Q: How much do I need to know about AI/agentic testing if I have no hands-on experience with it yet? Enough to reason intelligently about where it helps and where human review remains essential. You don't need production experience with agentic testing tools specifically, but a vague or dismissive answer on this topic increasingly stands out negatively given how fast the category has grown in job postings.
Q: What's the difference between an SDET and a general QA engineer role in most 2026 job postings? SDET roles typically expect stronger software engineering fundamentals — writing and maintaining test automation code as a first-class engineering deliverable — while general QA roles may weight manual/exploratory testing and test case design more heavily alongside lighter automation involvement. Read the specific job description closely, since usage varies significantly by company.

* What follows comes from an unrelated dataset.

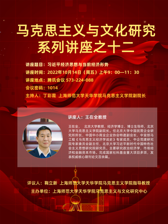 讲座题目:习近平经济思想与当前经济形势讲座时间:2022年10月14日(周五)上午9:00-11:30讲座地点:腾讯会议 573-224-088会议密码:1014

Q: How do I explain a career gap or a move from manual to automation testing in an interview? Frame it as a deliberate skill investment rather than something to apologise for — name the specific automation skills you built (a language, a framework, real projects you automated) and back it with a concrete example, similar to how you'd explain any other career transition in an interview.
Q: Is a computer science degree required for SDET roles? It helps for the coding-heavy expectations of the role, but many strong SDET hires come from manual QA backgrounds who built programming skills on the job or through independent projects — a demonstrated ability to write and reason about test automation code in the interview matters more than the specific degree on your resume.